In the entries below, find the line containing "Guía Flexible estilo" and the line containing "DESIGNER CHINON SILK". Copy those two lines and everything between them exactly, without the pictures.

* **Task input**:
========================================================================

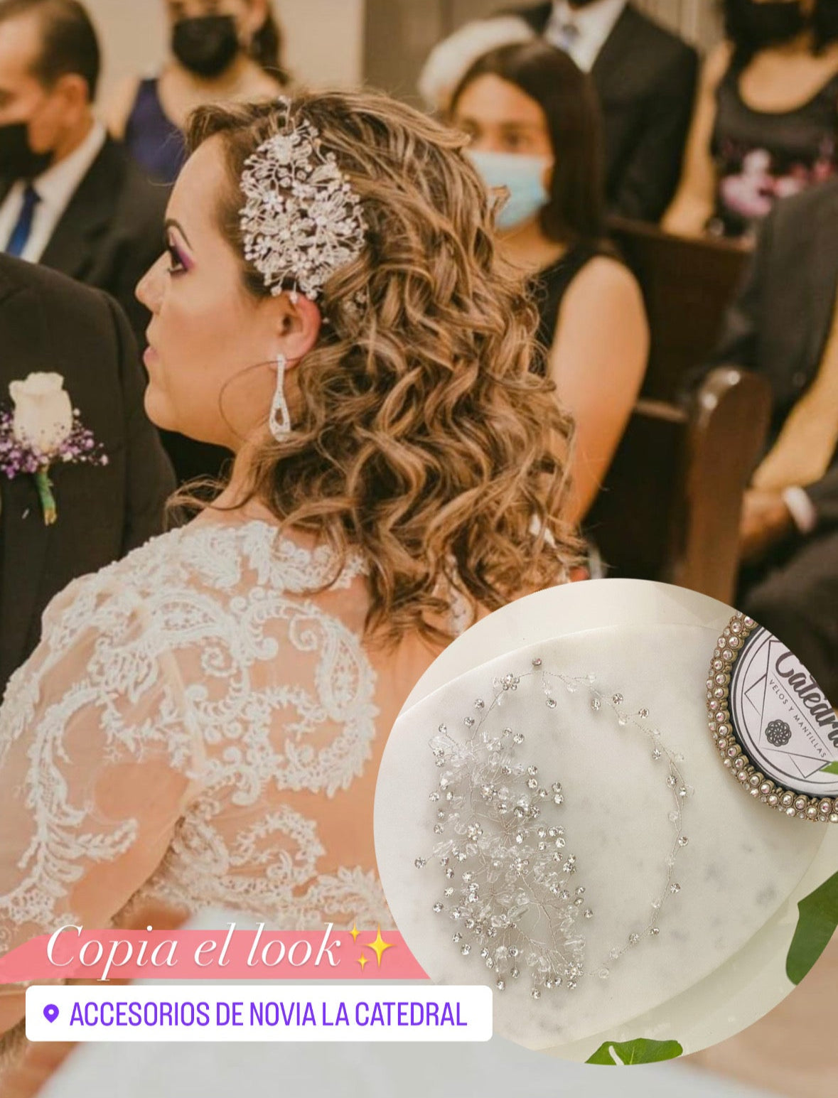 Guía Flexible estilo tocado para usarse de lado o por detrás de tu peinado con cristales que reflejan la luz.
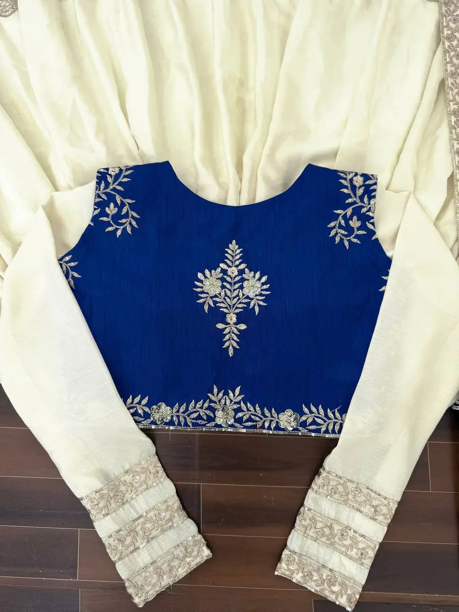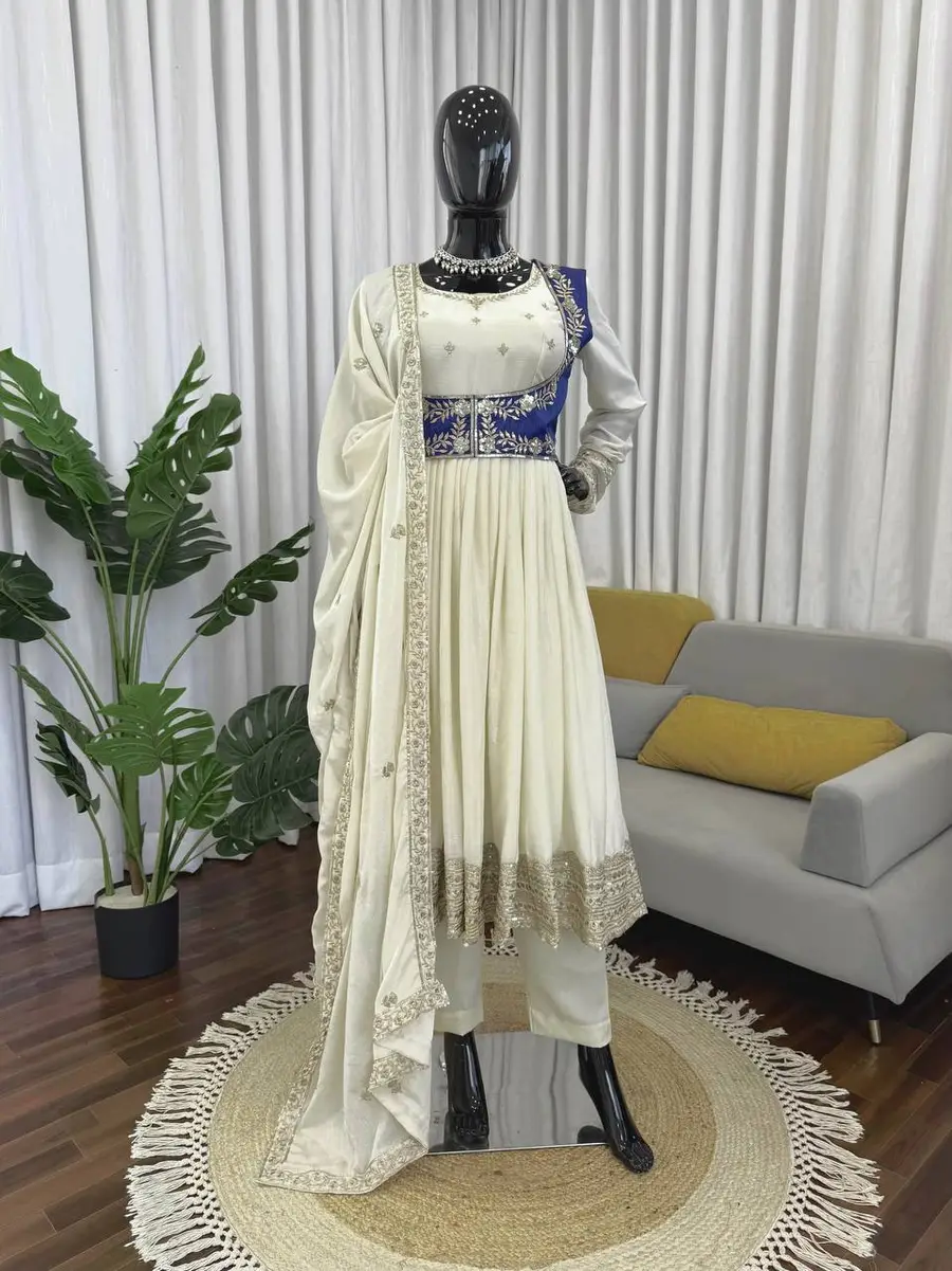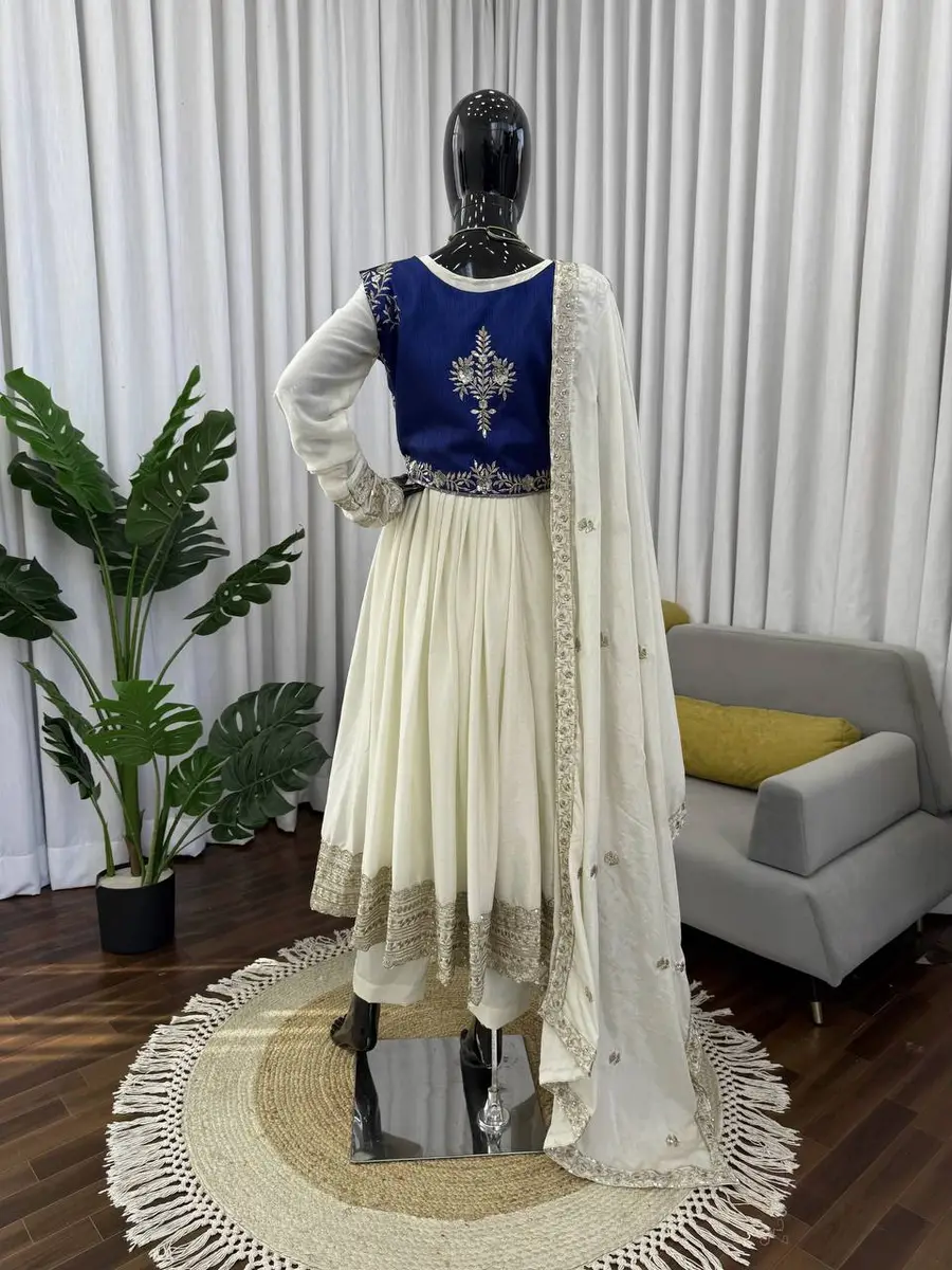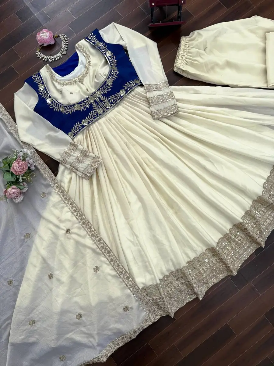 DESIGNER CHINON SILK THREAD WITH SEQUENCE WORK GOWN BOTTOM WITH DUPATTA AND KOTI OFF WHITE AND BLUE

========================================================================

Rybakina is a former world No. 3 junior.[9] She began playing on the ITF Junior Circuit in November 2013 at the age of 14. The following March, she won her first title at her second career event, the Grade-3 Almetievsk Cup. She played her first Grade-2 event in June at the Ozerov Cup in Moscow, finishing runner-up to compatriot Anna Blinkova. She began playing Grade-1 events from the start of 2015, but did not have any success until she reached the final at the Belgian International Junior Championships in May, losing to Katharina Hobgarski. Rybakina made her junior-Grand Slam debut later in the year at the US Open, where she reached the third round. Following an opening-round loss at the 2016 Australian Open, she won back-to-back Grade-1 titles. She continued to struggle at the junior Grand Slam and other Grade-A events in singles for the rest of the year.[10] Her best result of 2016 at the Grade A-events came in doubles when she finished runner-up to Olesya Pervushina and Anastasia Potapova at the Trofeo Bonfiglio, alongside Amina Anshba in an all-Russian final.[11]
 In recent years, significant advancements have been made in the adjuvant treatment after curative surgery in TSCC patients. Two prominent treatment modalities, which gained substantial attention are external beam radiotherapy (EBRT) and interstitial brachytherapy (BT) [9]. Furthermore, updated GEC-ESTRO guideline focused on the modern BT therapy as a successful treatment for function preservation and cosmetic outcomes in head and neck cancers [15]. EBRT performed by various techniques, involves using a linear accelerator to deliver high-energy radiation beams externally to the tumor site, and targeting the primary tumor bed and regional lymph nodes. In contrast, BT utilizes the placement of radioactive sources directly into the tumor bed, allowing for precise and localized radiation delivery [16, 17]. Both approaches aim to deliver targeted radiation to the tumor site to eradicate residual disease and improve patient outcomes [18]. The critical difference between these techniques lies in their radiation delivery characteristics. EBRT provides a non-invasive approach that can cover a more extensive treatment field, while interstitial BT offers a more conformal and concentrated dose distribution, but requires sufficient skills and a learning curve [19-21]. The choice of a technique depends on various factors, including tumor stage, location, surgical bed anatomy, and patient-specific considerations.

========================================================================

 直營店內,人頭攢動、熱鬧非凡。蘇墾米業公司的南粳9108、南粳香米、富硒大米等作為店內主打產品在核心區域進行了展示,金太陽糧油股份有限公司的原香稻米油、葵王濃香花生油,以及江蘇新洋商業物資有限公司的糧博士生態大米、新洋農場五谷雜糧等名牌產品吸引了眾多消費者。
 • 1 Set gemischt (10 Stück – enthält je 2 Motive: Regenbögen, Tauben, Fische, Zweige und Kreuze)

========================================================================

* **Exercise output**:
 Guía Flexible estilo tocado para usarse de lado o por detrás de tu peinado con cristales que reflejan la luz.
 DESIGNER CHINON SILK THREAD WITH SEQUENCE WORK GOWN BOTTOM WITH DUPATTA AND KOTI OFF WHITE AND BLUE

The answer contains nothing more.